I don’t know why Brexiters feel so oppressed by Bruxellian rule and devoid of sovereignty, given that a three-part series is commissioned by a major broadcaster every time a shopping list or a bus ticket is discovered that once came within three metres of anyone closer than 18th in line to the throne.
In the case of The Queen’s Lost Family – a companion piece to 2015’s The Queen’s Lost Cousin, about Prince William of Gloucester, which is not to be confused with The Queen’s Hidden Cousins, which came a few years before that – it was Channel 4, rather than the BBC, but otherwise it was business as usual.
First, take a cache of recently unearthed letters: here, a bundle of correspondence tucked away at Harewood House, near Leeds, the marital home of Princess Mary, the only daughter of George V and Queen Mary. (You would think they could afford more names, the royals, but no. Still, this parsimony doubtless endeared them to the Yorkshire folk.)
Next, explain in hushed, breathless tones that these are letters written by and to the royal siblings and their friends – and who those siblings are, for the plebs who haven’t already absorbed the basics via the 300 programmes a year that are broadcast on the subject of Edward (shagger, abdicator, Nazi, all-round dingus), Bertie (the Queen’s dad) and the others (Henry, military man until he met Beryl Markham and became a dingus; George, the family darling until he became a shagger; John, who died aged 13; and the aforementioned Mary).

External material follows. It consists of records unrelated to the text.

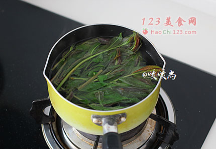 3、开一小锅水,将洗好的香椿用热水焯1分钟左右。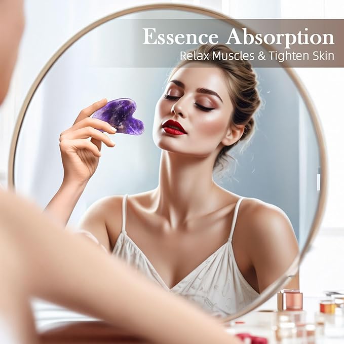 • Energizing Skincare: The guasha stone is a nice tool for facial massage. It can relax your facial tissue and awaken facial skin, help your skin absorb your skin absorb the cream or lotion faster and more fully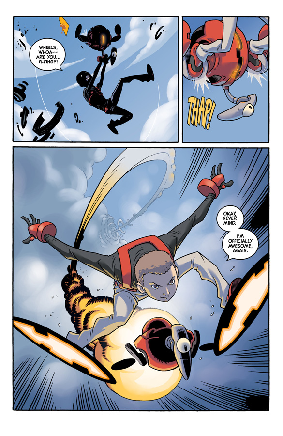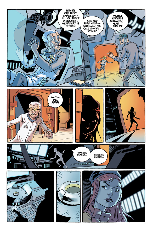 Super Dinosaur and Derek Dynamo have fought and defeated all kinds of cool stuff in their day, but they’ve never faced anything like this before. Max Maximus unveils his newest creation: The Mega-Raptor! This issue can’t be missed, just like every issue of SUPER DINOSAUR!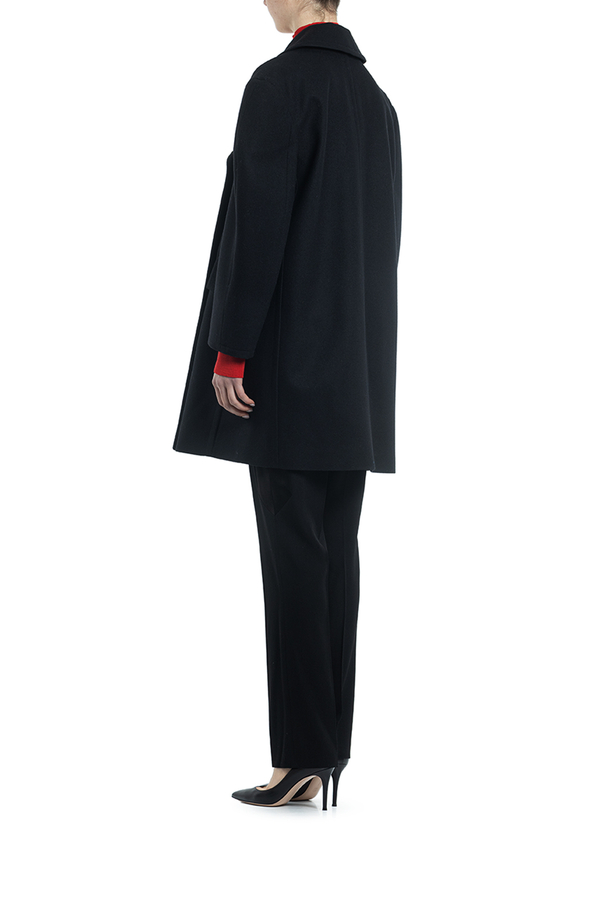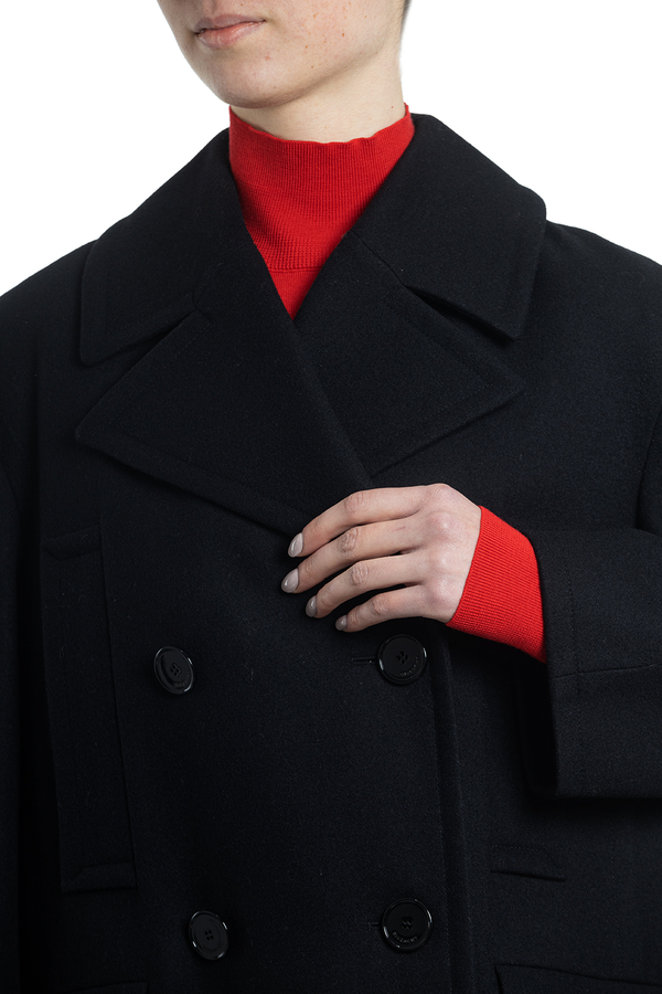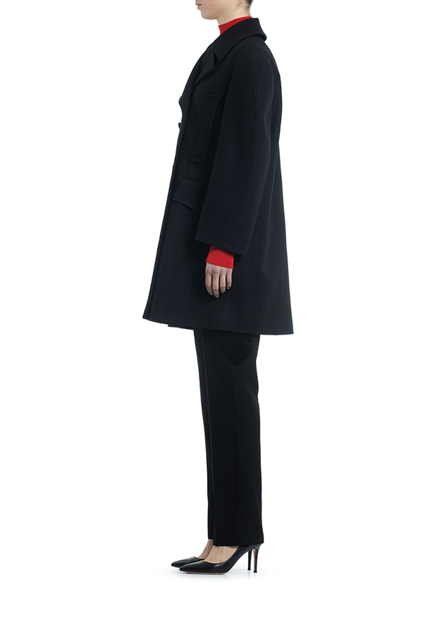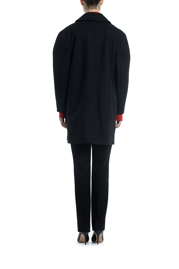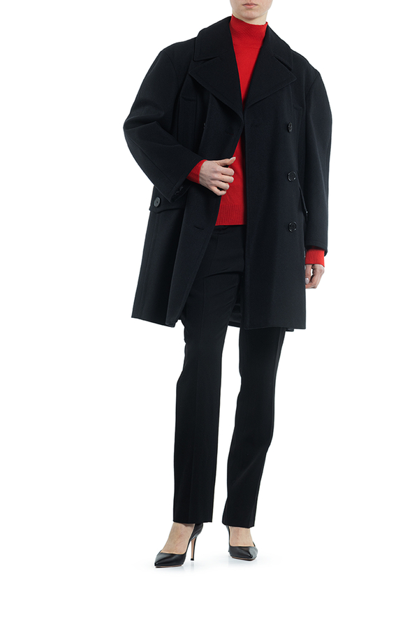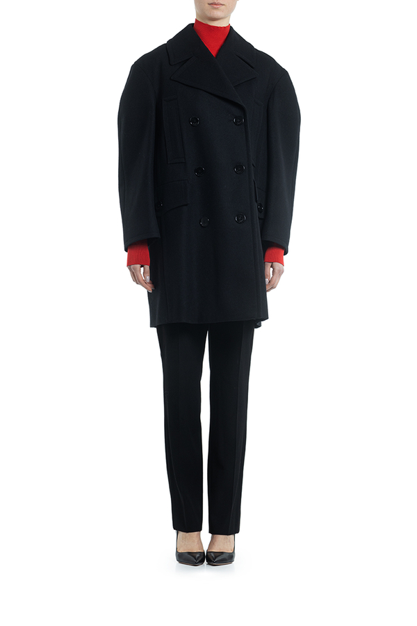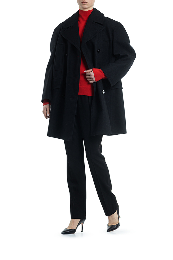 - Двубортне пальто з вовни з великими лацканами і структурованими довгими рукавами. Застібка на гудзики, дві передні кишені з клапанами, дві прорізні кишені на грудях.

Third, re-explain in hushed, breathless tones that these are actual letters written by and to the actual royal siblings and their friends using their actual royal hands.
Then, point out that these were private letters, written with the expectation of privacy, before reading out choice excerpts where the Saxe-Coburg and Gotha offspring really let rip. Generally, Edward delivers best, talking about his father’s “wretched life” and the “foul way” he treats Mary, and lamenting the increasingly propagandist nature of his 1921 tour of the empire. (Sample quote from contemporary newsreel covering Edward’s arrival in India: “Even the horses seem pleased!”)
After the Amritsar massacre, however, Edward felt the bloom was really off the rose. “Christ, how I loathe my job now and all the press-puffed empty success. I feel I am through with it and long to die. Don’t breathe a word! No one must know how I feel about my life.” You do feel sorry for the dingus in a gilded cage, although not as sorry as you do for the hundreds of people killed at Amritsar.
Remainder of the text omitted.